## DATA PROVIDED

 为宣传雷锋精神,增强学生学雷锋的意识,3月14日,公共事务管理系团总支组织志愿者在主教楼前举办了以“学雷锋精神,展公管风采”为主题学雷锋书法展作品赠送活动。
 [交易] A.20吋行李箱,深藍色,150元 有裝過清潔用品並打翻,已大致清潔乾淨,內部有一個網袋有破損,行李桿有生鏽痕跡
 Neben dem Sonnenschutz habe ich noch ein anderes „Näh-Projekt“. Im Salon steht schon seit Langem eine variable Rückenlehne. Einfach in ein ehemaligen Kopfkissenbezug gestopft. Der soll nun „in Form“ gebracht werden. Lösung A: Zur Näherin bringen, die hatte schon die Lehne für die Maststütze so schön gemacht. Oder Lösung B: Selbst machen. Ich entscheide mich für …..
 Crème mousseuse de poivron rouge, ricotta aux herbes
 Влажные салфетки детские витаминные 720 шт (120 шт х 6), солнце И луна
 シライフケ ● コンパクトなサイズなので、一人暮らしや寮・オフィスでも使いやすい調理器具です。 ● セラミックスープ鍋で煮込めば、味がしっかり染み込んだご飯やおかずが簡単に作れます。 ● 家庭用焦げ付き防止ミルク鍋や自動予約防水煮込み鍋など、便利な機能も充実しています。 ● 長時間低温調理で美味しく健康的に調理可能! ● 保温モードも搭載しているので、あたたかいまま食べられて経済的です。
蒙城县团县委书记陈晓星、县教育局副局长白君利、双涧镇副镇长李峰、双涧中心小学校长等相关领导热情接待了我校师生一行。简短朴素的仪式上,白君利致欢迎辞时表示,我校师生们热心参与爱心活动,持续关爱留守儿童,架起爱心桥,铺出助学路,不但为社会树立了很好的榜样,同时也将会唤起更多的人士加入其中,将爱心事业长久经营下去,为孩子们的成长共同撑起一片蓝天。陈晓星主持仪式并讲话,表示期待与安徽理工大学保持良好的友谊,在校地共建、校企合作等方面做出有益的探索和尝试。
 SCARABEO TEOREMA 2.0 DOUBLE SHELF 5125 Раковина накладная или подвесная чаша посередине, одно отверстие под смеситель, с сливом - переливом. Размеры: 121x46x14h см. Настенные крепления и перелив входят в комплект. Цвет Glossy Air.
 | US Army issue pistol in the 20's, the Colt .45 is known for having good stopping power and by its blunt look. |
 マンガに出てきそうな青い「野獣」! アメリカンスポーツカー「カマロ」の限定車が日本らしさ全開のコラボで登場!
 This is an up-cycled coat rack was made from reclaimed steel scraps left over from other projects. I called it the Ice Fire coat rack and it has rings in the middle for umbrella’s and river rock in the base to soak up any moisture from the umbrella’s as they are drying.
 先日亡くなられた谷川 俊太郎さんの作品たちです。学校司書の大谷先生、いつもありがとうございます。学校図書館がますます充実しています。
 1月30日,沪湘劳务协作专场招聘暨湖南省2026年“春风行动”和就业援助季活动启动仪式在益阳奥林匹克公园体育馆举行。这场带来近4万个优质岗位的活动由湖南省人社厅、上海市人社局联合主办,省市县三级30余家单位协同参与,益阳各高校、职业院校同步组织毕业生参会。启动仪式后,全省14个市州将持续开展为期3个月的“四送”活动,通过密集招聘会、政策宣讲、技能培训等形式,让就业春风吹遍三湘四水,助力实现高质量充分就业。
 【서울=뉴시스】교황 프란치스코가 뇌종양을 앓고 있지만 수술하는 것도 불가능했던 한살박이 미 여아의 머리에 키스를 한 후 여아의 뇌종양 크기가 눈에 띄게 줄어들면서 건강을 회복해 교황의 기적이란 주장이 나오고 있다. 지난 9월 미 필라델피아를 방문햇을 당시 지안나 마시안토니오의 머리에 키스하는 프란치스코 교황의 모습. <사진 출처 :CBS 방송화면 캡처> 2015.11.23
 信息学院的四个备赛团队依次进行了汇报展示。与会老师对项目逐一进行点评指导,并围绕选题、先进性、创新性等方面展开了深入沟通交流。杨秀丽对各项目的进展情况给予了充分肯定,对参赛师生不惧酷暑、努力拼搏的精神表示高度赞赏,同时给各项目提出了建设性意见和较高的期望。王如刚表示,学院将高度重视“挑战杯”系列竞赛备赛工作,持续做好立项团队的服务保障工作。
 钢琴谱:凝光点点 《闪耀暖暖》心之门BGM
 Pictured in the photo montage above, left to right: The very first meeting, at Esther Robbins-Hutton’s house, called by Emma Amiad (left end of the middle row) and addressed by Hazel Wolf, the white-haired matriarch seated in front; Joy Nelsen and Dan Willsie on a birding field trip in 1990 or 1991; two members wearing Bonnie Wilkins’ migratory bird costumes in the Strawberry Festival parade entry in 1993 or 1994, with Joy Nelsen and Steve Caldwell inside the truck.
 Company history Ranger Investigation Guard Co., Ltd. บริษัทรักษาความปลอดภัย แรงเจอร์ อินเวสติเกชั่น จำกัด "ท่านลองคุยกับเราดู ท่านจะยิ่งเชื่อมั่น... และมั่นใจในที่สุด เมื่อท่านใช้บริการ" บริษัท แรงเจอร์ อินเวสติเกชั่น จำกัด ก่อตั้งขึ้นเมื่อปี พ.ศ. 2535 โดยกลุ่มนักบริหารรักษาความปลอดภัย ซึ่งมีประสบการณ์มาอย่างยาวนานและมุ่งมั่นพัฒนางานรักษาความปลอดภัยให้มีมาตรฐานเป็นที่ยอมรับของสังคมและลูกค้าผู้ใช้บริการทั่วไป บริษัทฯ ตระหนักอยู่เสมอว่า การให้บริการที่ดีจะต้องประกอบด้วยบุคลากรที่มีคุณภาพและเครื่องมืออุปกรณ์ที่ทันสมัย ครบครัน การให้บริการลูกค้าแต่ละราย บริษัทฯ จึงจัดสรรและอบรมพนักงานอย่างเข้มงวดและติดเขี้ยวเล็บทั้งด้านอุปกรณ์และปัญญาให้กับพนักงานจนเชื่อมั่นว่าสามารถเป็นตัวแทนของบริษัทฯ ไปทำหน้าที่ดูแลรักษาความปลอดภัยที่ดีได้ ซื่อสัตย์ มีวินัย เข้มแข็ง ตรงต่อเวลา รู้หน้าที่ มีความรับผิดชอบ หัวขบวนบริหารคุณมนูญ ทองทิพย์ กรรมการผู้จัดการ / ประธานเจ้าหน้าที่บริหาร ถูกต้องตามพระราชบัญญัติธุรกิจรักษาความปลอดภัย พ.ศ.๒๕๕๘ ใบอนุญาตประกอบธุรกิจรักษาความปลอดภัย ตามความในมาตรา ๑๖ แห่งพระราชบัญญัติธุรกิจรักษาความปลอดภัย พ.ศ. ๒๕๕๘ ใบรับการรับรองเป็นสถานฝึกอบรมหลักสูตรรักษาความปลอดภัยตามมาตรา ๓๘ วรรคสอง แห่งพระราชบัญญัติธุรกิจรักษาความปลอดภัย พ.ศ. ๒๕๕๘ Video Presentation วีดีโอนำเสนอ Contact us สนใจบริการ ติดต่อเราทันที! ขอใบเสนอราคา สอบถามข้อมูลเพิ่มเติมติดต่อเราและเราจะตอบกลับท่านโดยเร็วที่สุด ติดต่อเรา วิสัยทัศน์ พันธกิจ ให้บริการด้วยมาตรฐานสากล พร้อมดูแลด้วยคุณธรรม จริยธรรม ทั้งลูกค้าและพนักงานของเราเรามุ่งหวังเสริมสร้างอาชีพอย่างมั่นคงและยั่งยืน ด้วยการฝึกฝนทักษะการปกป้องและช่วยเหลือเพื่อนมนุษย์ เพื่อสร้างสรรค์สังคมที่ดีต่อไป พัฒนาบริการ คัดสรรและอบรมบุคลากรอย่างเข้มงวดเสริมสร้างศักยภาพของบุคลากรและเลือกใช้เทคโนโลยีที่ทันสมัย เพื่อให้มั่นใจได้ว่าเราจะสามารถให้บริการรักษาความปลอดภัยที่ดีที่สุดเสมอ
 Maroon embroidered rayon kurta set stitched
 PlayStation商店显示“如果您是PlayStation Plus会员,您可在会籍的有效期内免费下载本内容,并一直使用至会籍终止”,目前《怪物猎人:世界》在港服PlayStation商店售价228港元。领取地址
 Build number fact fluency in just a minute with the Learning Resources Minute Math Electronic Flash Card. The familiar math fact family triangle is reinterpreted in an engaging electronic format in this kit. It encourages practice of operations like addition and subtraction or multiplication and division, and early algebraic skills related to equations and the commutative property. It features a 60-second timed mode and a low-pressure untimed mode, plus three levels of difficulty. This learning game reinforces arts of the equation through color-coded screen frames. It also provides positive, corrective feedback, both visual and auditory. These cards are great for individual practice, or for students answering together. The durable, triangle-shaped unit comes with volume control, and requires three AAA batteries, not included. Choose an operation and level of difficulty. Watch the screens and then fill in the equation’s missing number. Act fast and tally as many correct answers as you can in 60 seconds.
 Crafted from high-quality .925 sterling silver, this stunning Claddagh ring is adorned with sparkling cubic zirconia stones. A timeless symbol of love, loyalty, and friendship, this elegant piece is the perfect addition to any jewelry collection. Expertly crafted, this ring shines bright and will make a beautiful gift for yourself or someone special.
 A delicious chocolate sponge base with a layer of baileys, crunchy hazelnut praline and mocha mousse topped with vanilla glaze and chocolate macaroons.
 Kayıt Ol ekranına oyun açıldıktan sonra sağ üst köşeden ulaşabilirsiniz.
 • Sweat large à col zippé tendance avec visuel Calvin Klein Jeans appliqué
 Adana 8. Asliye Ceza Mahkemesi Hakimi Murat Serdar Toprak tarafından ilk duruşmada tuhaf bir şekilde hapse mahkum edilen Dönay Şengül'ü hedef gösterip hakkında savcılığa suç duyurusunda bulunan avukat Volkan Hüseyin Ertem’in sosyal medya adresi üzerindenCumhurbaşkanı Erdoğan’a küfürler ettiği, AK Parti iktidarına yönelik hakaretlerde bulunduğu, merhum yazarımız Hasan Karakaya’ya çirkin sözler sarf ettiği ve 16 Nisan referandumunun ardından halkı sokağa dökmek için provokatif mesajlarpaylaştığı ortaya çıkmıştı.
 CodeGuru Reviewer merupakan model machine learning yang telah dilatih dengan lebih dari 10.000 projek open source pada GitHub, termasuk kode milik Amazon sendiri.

## TASK STATEMENT
All lines of the material that contain the word "from" should be listed.

## YOUR RESPONSE
 This is an up-cycled coat rack was made from reclaimed steel scraps left over from other projects. I called it the Ice Fire coat rack and it has rings in the middle for umbrella’s and river rock in the base to soak up any moisture from the umbrella’s as they are drying.
 Crafted from high-quality .925 sterling silver, this stunning Claddagh ring is adorned with sparkling cubic zirconia stones. A timeless symbol of love, loyalty, and friendship, this elegant piece is the perfect addition to any jewelry collection. Expertly crafted, this ring shines bright and will make a beautiful gift for yourself or someone special.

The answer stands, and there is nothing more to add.